_WHAT IS NEEDED:_ Below are the records; reproduce all of them exactly but without any images.

_DATA:_
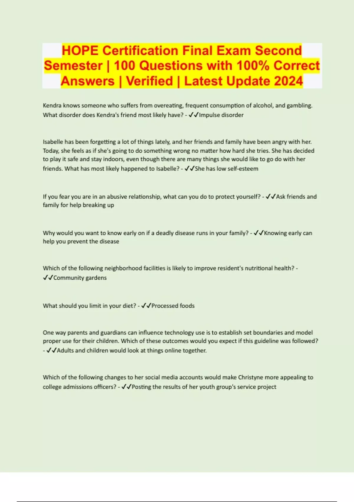 HOPE Certification Final Exam Second Semester | 100 Questions with 100% Correct Answers | Verified | Latest Update 2024
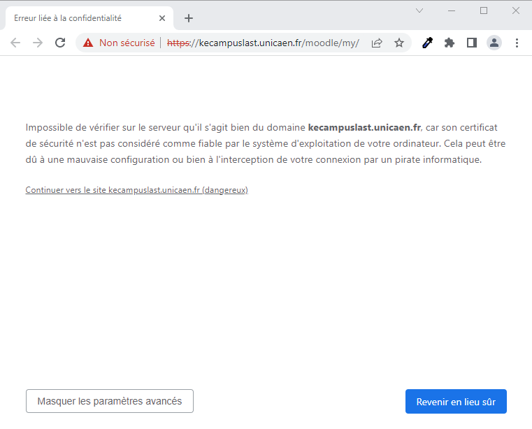 4. visiter la plateforme actuelle : https://ecampus.unicaen.fr/course/view.php?id=XXXXX (en remplaçant XXXXX par l'ID du cours)
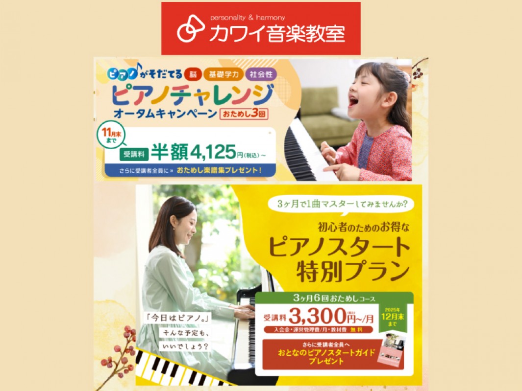 こんにちは♪カワイ音楽教室です。【秋の無料体験プラン・秋のおためしプラン】のご紹介です。
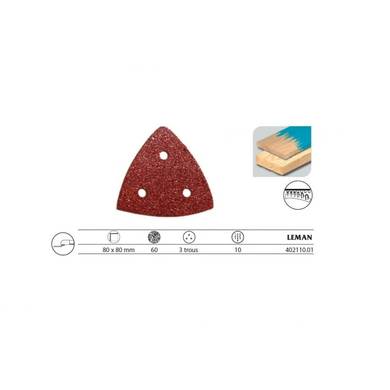 Leman – Lot de 10 patins triangulaires Velcro 80×80 mm GR 60 Corindon – 402110.01
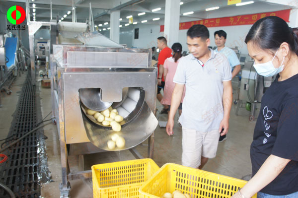 連續(xù)式土豆去皮機針對客戶帶來的大批土豆現(xiàn)場進行加工處理測試,提升機自動上料,螺旋自動送料出料,時產(chǎn)4頓,物料處理效果令來自中山的客戶非常滿意!
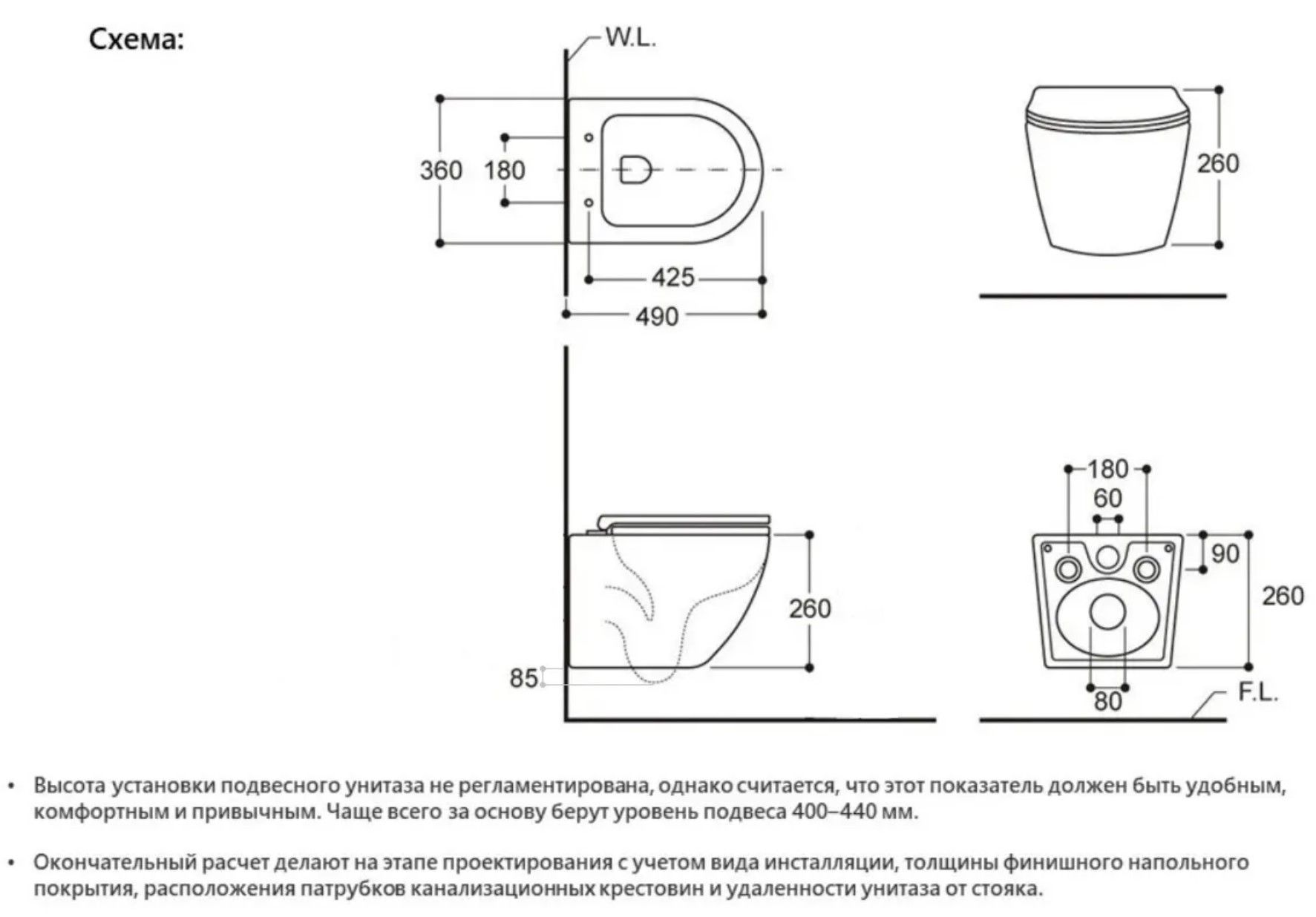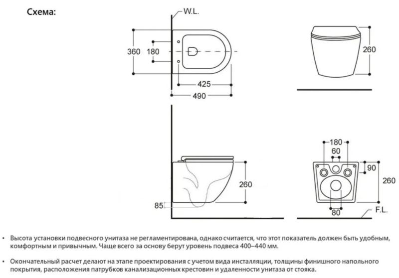 Режим смыва воды:определяется системой инсталляции
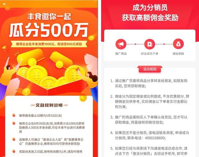 但顺丰的野心并不小。在小程序上,丰食面向商家实施“免费上线”的优惠活动,面向用户则推出“推荐企业返好礼”的500万元补贴活动,拉拢“人心”的意味明显。
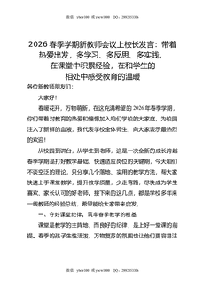 2026春季学期新教师会议上校长发言:带着热爱出发,多学习,多反思,多实践,在课堂中积累经验,在和学生的相处中感受教育的温暖.docx
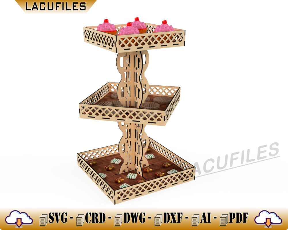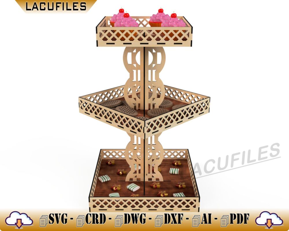 Bandeja escalonada de tres niveles para corte láser – Soporte de bocadillos decorativo
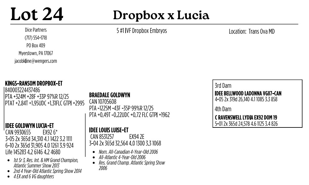 -Selling price is per Embryo or straw
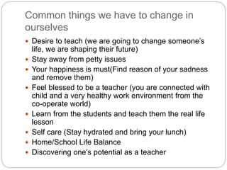 This document outlines common things teachers need to change in themselves and their students, as well as their approach and methods for enhancing learning. For teachers, it recommends having a desire to teach, staying happy and balanced, feeling blessed to teach, learning from students, and self-care. For students, it suggests giving them freedom and teaching them right from wrong. It advocates differentiation, inclusion, storytelling, understanding emotions, developing critical thinking, creativity, communication and collaboration skills in students. Various teaching methods are listed, like using humor, role playing, preparing well and being patient, compassionate and encouraging of students.

_RESPONSE:_
 HOPE Certification Final Exam Second Semester | 100 Questions with 100% Correct Answers | Verified | Latest Update 2024
 4. visiter la plateforme actuelle : https://ecampus.unicaen.fr/course/view.php?id=XXXXX (en remplaçant XXXXX par l'ID du cours)
 こんにちは♪カワイ音楽教室です。【秋の無料体験プラン・秋のおためしプラン】のご紹介です。
 Leman – Lot de 10 patins triangulaires Velcro 80×80 mm GR 60 Corindon – 402110.01
 連續(xù)式土豆去皮機針對客戶帶來的大批土豆現(xiàn)場進行加工處理測試,提升機自動上料,螺旋自動送料出料,時產(chǎn)4頓,物料處理效果令來自中山的客戶非常滿意!
 Режим смыва воды:определяется системой инсталляции
 但顺丰的野心并不小。在小程序上,丰食面向商家实施“免费上线”的优惠活动,面向用户则推出“推荐企业返好礼”的500万元补贴活动,拉拢“人心”的意味明显。
 2026春季学期新教师会议上校长发言:带着热爱出发,多学习,多反思,多实践,在课堂中积累经验,在和学生的相处中感受教育的温暖.docx
 Bandeja escalonada de tres niveles para corte láser – Soporte de bocadillos decorativo
 -Selling price is per Embryo or straw
 This document outlines common things teachers need to change in themselves and their students, as well as their approach and methods for enhancing learning. For teachers, it recommends having a desire to teach, staying happy and balanced, feeling blessed to teach, learning from students, and self-care. For students, it suggests giving them freedom and teaching them right from wrong. It advocates differentiation, inclusion, storytelling, understanding emotions, developing critical thinking, creativity, communication and collaboration skills in students. Various teaching methods are listed, like using humor, role playing, preparing well and being patient, compassionate and encouraging of students.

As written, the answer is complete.